Гюстав Флобер - Госпожа Бовари читать онлайн бесплатно
Но на этом покрытом холодными каплями лбу, на этих лепечущих губах, в этих блуждающих зрачках, в этих ее объятиях было какое-то отчаяние, что-то смутное и мрачное; Леону казалось, что оно потихоньку проползает между ними, разделяет их.
Он не осмеливался задавать ей вопросы; но, думал он, она так опытна, что, наверно, уже успела в прошлом испытать все муки и все наслаждения. То самое, что когда-то очаровывало его, теперь вызывало в нем страх. Кроме того, он начинал восставать против растущего день ото дня порабощения его личности. Он не мог простить Эмме ее постоянной победы над ним. Он даже пытался разлюбить ее, но при одном звуке ее шагов снова чувствовал себя бессильным, как пьяница при виде спиртного.
Правда, она не уставала расточать ему тысячи знаков внимания, начиная с утонченности стола, кончая элегантностью туалета и томными взглядами. Она у себя на груди привозила из Ионвиля розы и осыпала ими его лицо; она выражала беспокойство о его здоровье, давала ему советы, как вести себя; чтобы крепче привязать его к себе, она, в надежде на помощь неба, повесила ему на шею ладанку с изображением пречистой девы. Она, как добрая мать, расспрашивала его о товарищах. Она говорила ему:
— Не встречайся с ними, не ходи никуда, думай только обо мне, люби меня!

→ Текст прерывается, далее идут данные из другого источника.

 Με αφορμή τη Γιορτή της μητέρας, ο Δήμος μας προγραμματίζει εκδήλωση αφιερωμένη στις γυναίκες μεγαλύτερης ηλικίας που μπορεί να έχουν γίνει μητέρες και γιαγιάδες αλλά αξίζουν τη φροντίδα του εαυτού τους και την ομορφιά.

Она хотела бы проследить весь образ его жизни, ей даже пришло в голову нанять человека, который наблюдал бы за ним на улице. Близ гостиницы постоянно приставал к путешественникам какой-то бродяга; он, конечно, не отказался бы… Но тут возмутилась ее гордость.
— Нет, все равно! Пусть он меня обманывает, — какое мне дело! Разве я так уж держусь за него.

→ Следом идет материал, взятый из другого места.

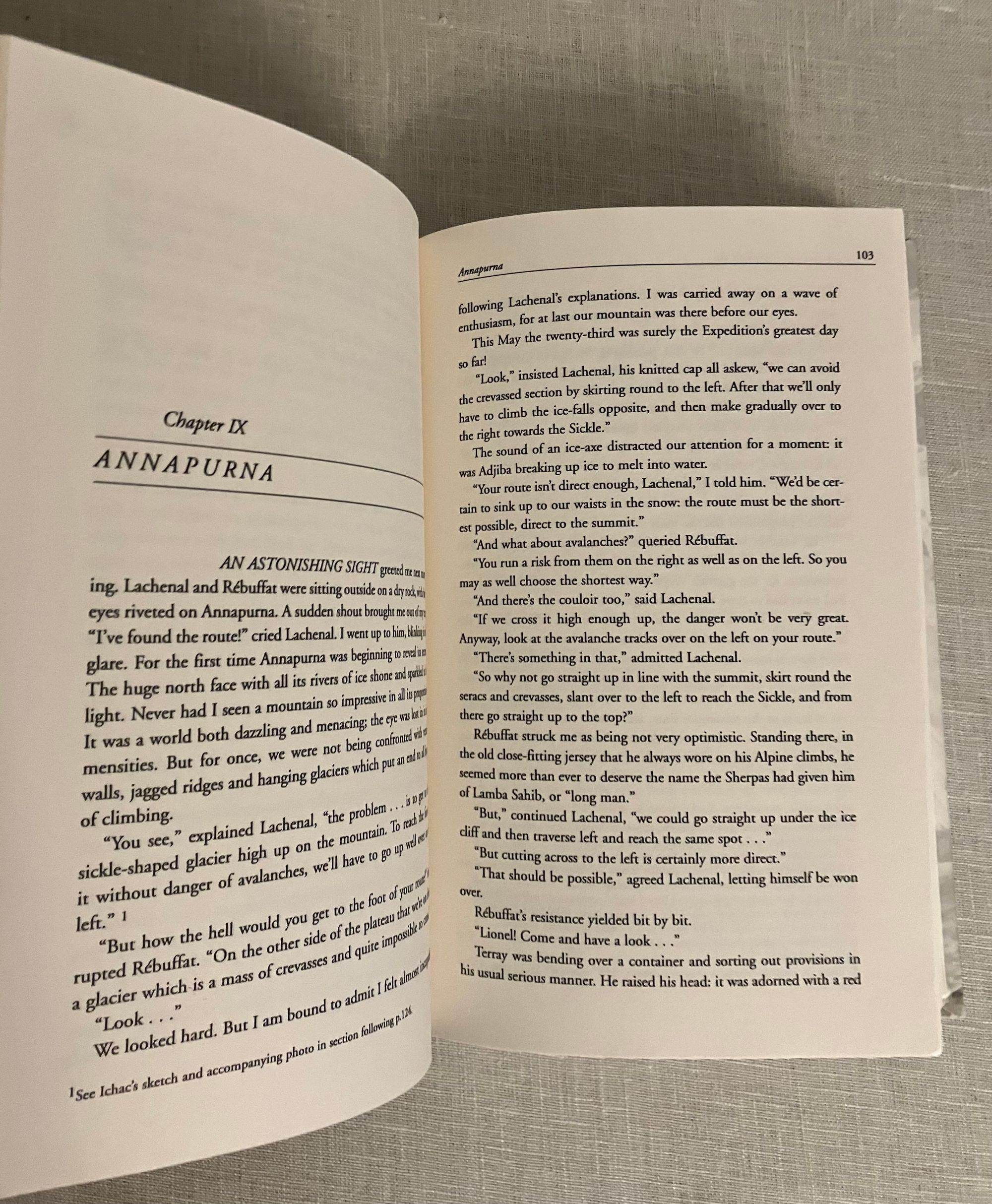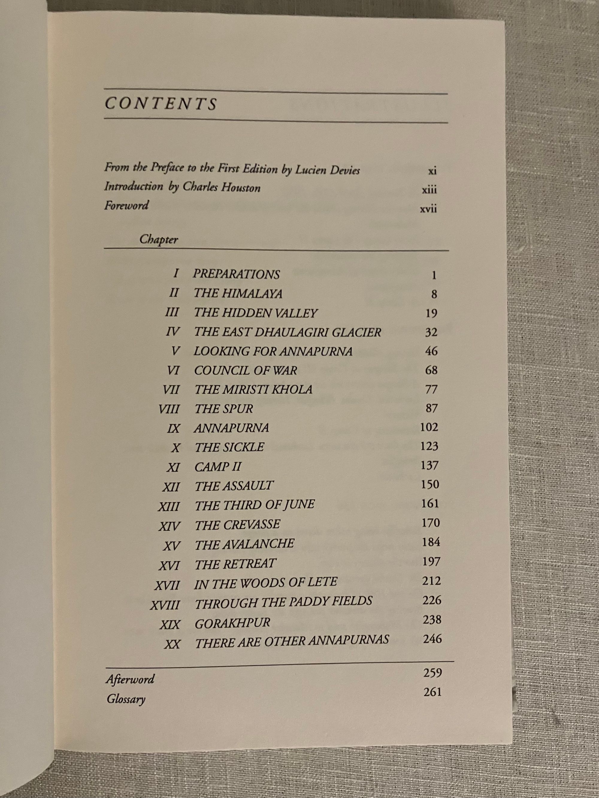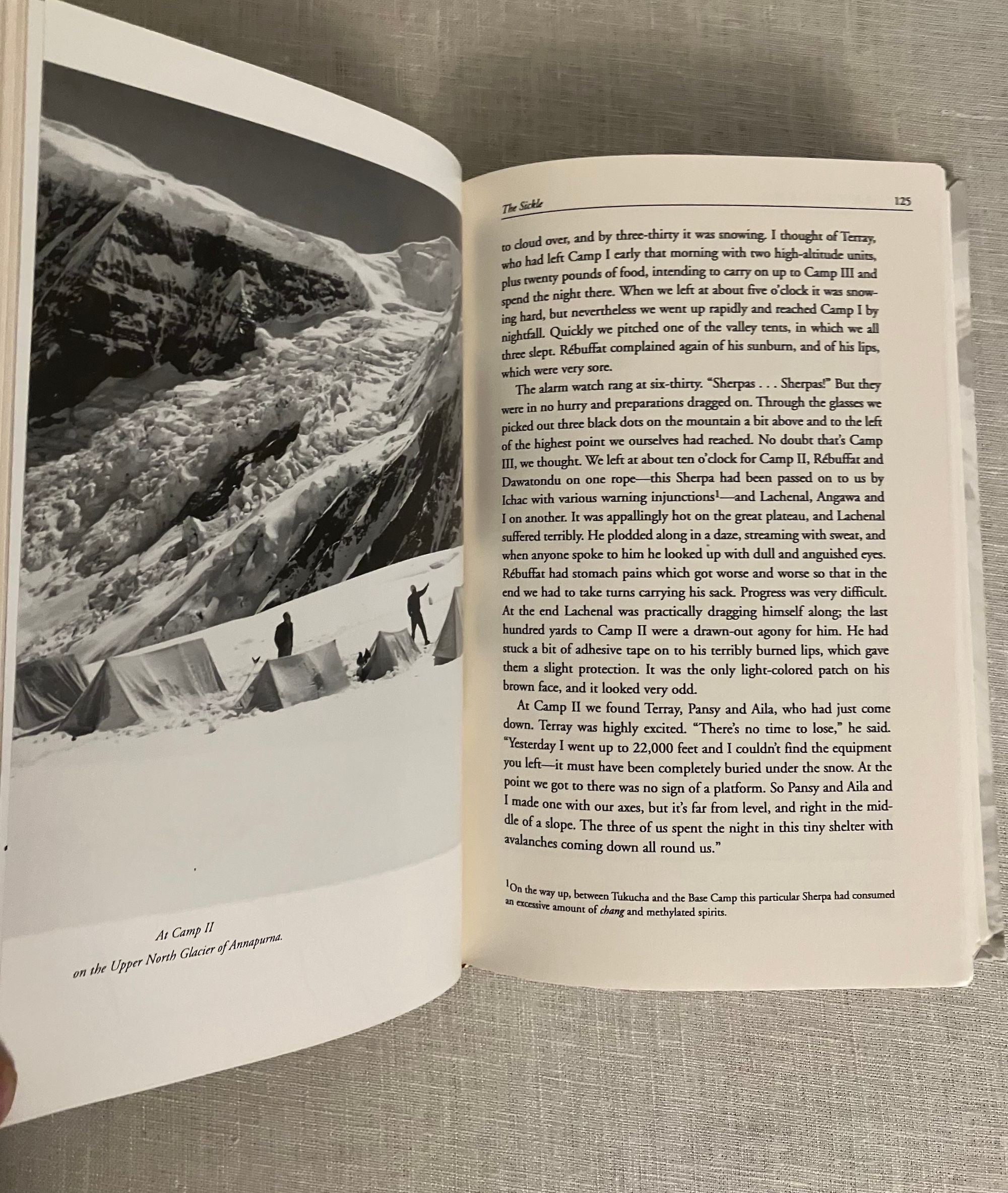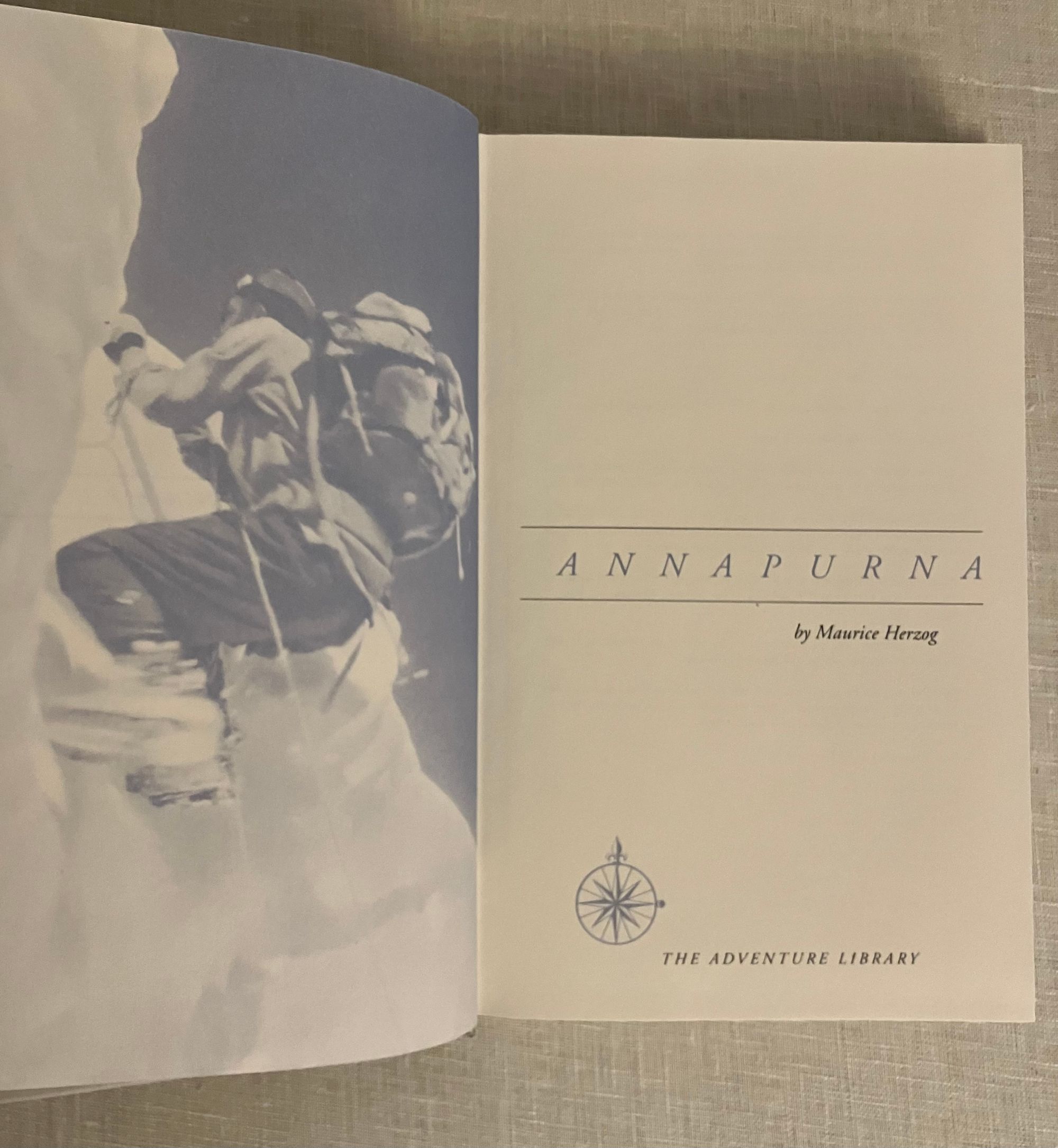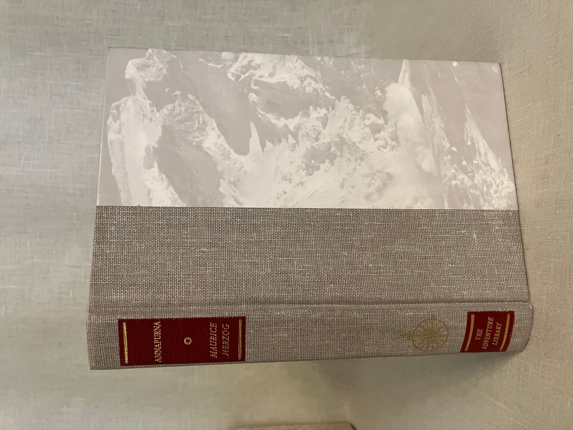 Hard cover, 8vo., in half buckram with gray paper-covered boards illustrated with mountain scenery. First Edition Thus, xvii, 257 pp. Originally published in France, 1952. In English. Containing map endpapers and numerous photographs reproduced from the original book. Condition: Fine. Described as perhaps the best mountaineering book of all time. The obituary of the French climber appearing in the Guardian newspaper (December 14, 2012) describes how Herzog's pioneering ascent of this 8,000 meter mountain in Nepal in 1950 made the man a national hero of France, along with his team. The price was high, however, costing the Author the loss of all of his fingers and toes to frostbite. The current title was dictated from his hospital bed during a long, and agonizing recovery. Lucien Devies explains the mindset of high mountaineering in the book's original Preface : " Climbing is a means of self-expression...Man overcomes himself, affirms himself and realizes himself in the struggle toward the summit, toward the absolute. In the extreme tension of the struggle, on the frontier of death, the universe disappears and drops away beneath us. Space, time, fear, suffering, no longer exist. Everything then becomes quite simple..." ( p. xi)

Однажды, когда она раньше обычного рассталась с Леоном и одна возвращалась пешком по бульвару, ей бросились в глаза стены ее монастыря; и вот она присела на скамейку под вязами. Как спокойно жилось в те времена! Какими завидными казались ей теперь те неизъяснимые любовные чувства, которые она тогда пыталась вообразить себе по книгам!
Первые месяцы брачной жизни, лесные прогулки верхом, вальсирующий виконт, пение Лагарди — все прошло перед ее взором… И вдруг ей явился Леон — в таком же отдалении, как и прочие.
«Но ведь я его люблю!» — подумала она.
Пусть так! Все равно у нее нет и никогда не было счастья. Откуда же взялась эта неполнота жизни, это разложение, мгновенно охватывающее все, на что она пыталась опереться?.. Но если есть где-то существо сильное и прекрасное, благородная натура, исполненная и восторженных чувств, и утонченности, сердце поэта в ангельском теле, меднострунная лира, возносящая к небу трогательные эпиталамы, то почему бы им не найти случайно друг друга? О, это невозможно! Да и нет ничего, что стоило бы искать; все лжет! За каждой улыбкой скрывается скучливый зевок, за каждой радостью — проклятие, за блаженством — пресыщение, и даже от самых сладких поцелуев остается на губах лишь неутолимая жажда более высокого сладострастия.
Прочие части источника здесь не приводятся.